Collected data entries:
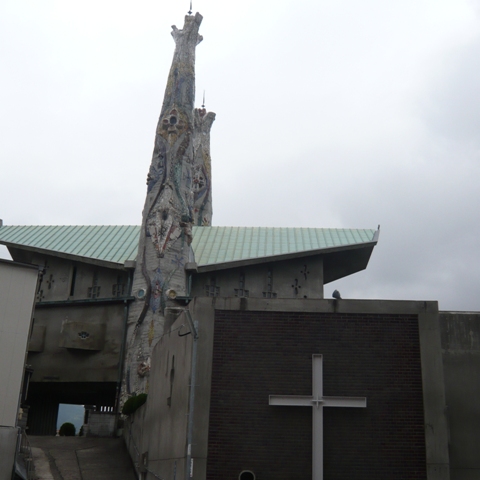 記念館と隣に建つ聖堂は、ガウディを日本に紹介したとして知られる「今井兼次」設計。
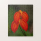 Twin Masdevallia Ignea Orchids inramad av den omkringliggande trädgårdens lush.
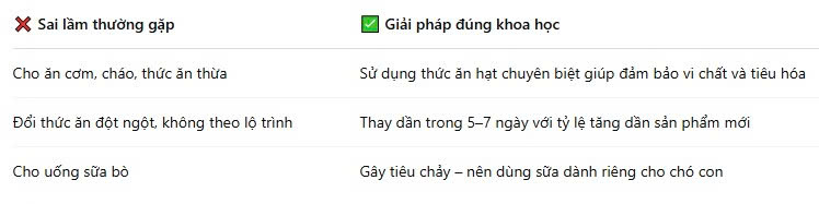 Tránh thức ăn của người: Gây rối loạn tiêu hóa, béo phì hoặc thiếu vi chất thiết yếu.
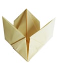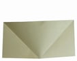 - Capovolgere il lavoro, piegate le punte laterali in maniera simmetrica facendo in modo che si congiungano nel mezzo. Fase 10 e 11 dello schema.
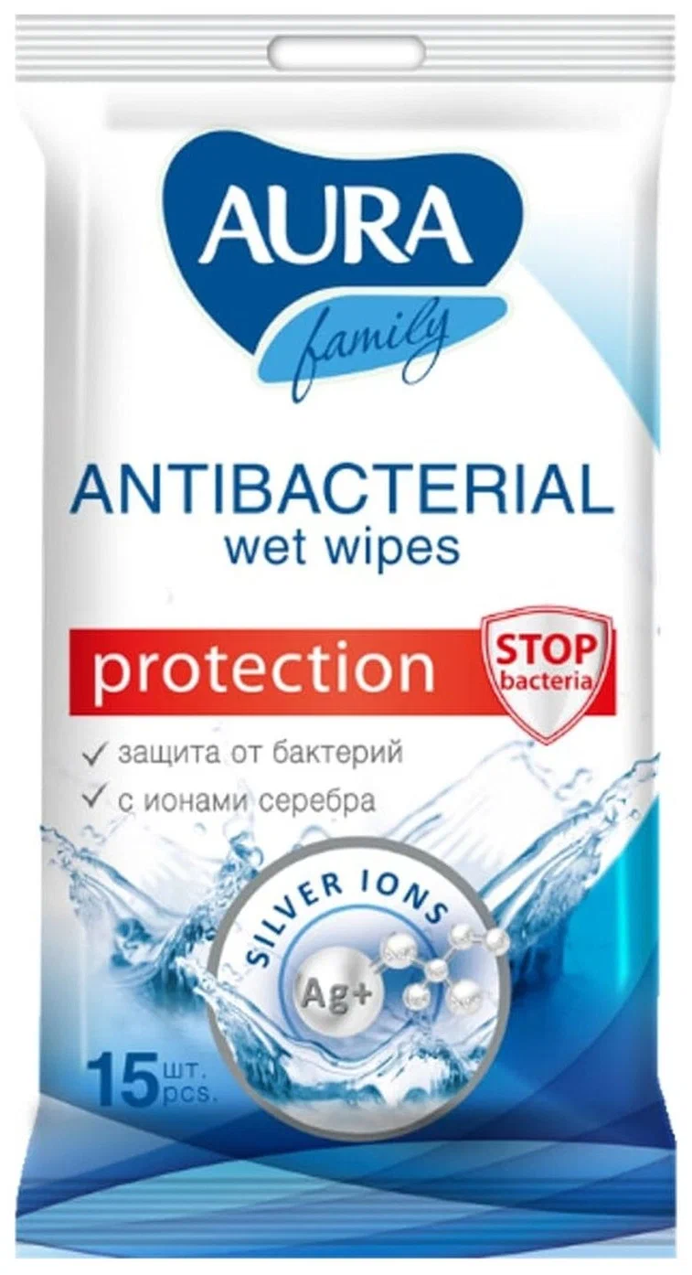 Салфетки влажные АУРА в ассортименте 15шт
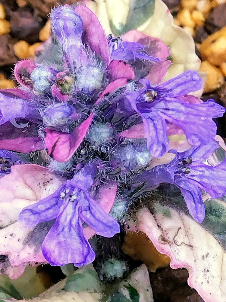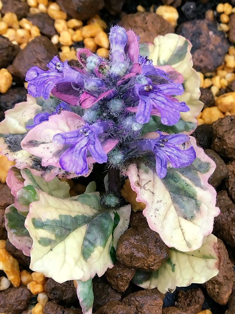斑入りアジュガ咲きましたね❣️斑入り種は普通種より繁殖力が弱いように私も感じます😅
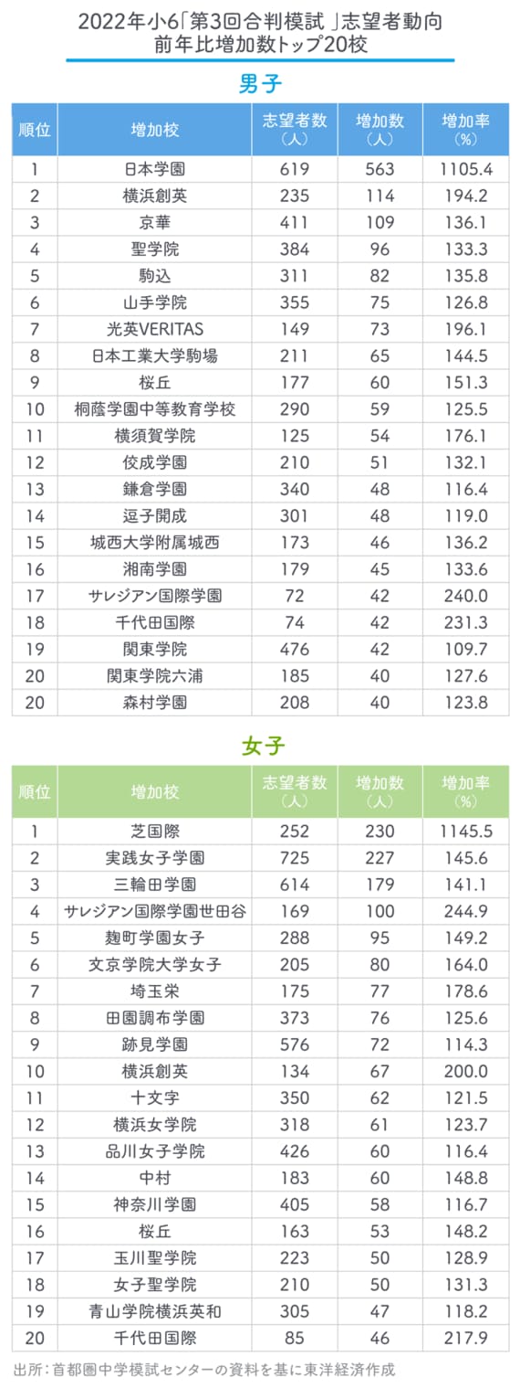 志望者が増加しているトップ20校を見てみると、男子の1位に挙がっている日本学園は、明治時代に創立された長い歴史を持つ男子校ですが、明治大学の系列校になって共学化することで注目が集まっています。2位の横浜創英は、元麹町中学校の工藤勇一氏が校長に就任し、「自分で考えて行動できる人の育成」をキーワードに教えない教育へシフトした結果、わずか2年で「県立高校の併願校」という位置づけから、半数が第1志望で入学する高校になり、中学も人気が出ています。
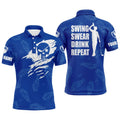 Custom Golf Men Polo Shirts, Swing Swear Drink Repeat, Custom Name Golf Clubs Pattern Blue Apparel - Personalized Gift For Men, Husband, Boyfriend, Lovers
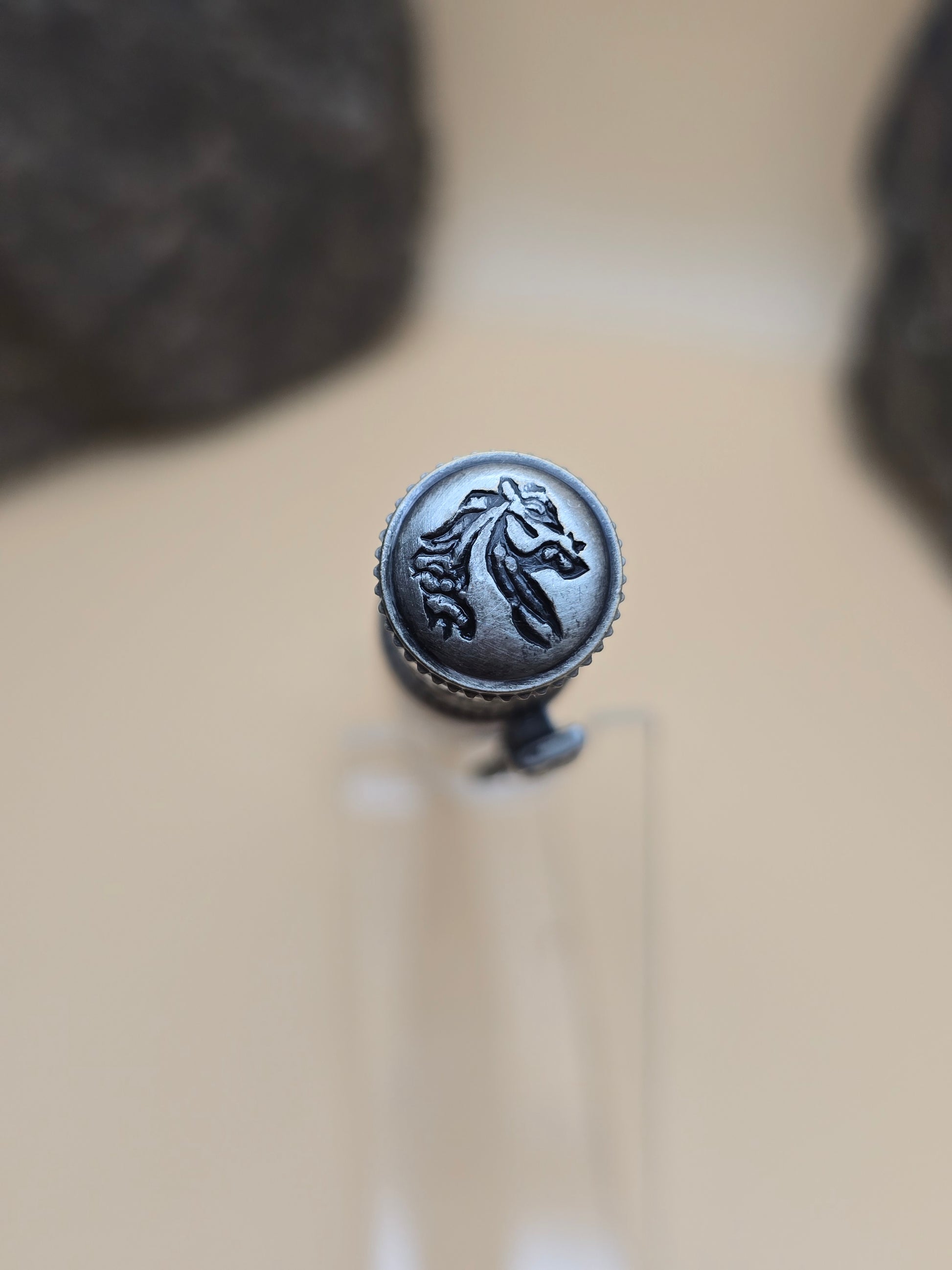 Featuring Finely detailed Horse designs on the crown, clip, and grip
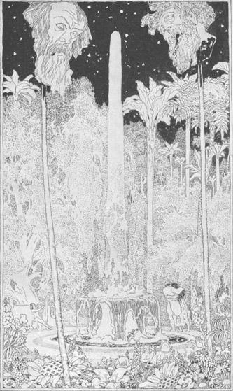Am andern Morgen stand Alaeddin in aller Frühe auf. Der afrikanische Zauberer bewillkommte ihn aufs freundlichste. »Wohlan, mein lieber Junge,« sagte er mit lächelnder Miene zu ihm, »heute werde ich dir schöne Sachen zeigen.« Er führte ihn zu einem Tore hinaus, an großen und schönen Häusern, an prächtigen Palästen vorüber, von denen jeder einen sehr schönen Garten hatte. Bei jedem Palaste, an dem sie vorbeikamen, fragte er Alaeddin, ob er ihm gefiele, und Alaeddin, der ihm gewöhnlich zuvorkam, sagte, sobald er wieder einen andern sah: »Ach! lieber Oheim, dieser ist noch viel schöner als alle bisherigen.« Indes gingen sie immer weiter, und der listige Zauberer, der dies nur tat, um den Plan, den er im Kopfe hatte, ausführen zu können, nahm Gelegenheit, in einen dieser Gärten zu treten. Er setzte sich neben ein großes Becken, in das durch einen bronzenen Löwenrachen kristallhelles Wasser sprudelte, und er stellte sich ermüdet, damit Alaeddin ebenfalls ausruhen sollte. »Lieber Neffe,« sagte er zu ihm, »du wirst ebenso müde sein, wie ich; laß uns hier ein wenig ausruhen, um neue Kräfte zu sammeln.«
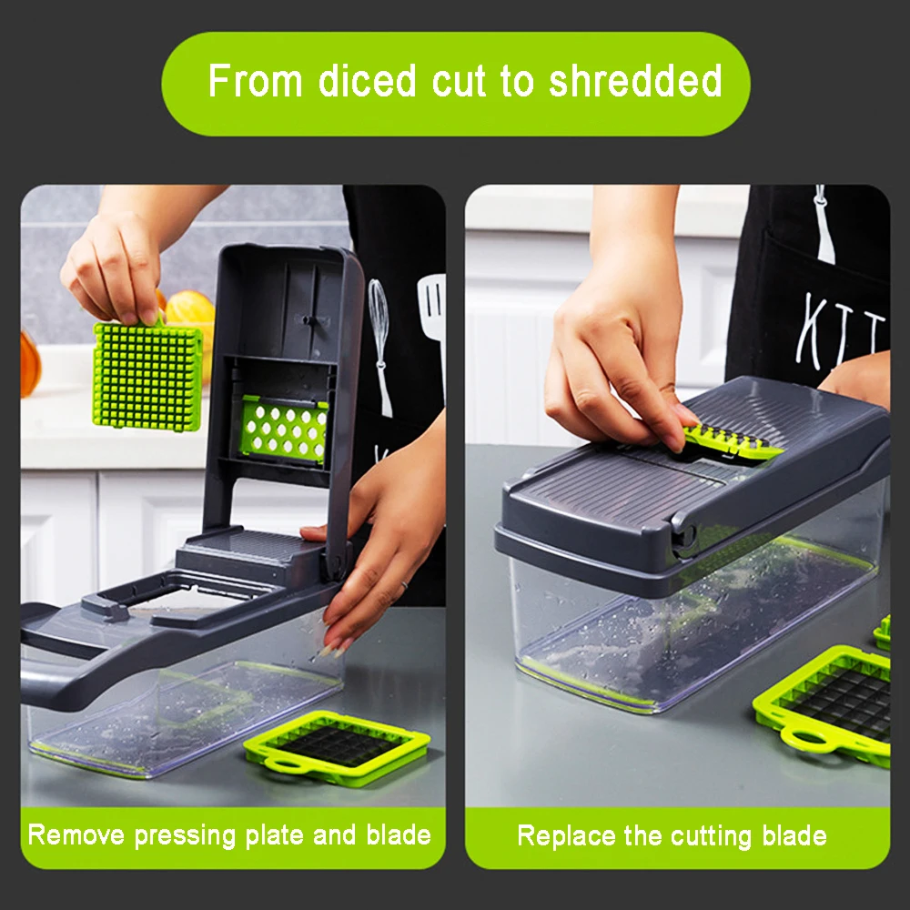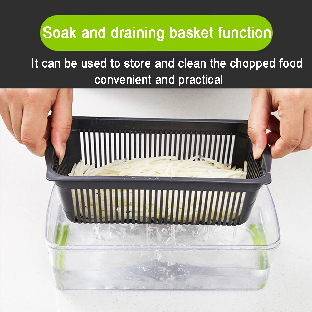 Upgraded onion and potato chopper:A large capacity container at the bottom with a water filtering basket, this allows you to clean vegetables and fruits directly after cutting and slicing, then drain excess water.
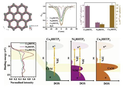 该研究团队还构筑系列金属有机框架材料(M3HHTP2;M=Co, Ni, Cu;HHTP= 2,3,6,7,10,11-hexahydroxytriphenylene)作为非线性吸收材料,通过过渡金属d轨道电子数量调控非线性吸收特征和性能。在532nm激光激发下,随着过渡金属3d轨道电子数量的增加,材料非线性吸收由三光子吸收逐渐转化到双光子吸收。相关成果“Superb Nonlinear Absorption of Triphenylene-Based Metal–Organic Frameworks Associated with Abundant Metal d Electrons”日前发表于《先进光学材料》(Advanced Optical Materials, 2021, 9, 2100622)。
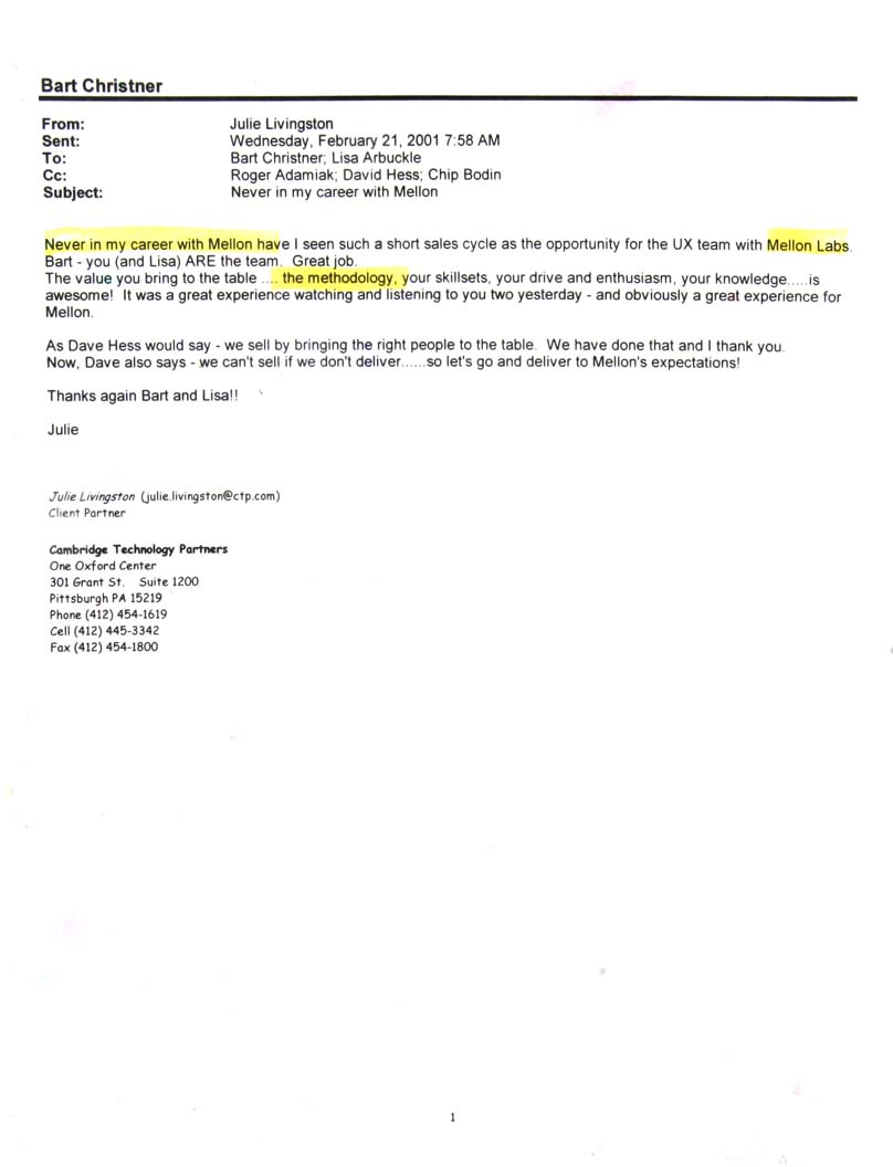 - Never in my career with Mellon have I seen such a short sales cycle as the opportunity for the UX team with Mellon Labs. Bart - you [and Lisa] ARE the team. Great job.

GOAL OF THE EXERCISE: Would you set down only the lines above from the line with "斑入りアジュガ咲きましたね❣" to the line with "Featuring Finely detailed", both included, exactly as they stand and without the pictures?

ANSWER SECTION:
斑入りアジュガ咲きましたね❣️斑入り種は普通種より繁殖力が弱いように私も感じます😅
 志望者が増加しているトップ20校を見てみると、男子の1位に挙がっている日本学園は、明治時代に創立された長い歴史を持つ男子校ですが、明治大学の系列校になって共学化することで注目が集まっています。2位の横浜創英は、元麹町中学校の工藤勇一氏が校長に就任し、「自分で考えて行動できる人の育成」をキーワードに教えない教育へシフトした結果、わずか2年で「県立高校の併願校」という位置づけから、半数が第1志望で入学する高校になり、中学も人気が出ています。
 Custom Golf Men Polo Shirts, Swing Swear Drink Repeat, Custom Name Golf Clubs Pattern Blue Apparel - Personalized Gift For Men, Husband, Boyfriend, Lovers
 Featuring Finely detailed Horse designs on the crown, clip, and grip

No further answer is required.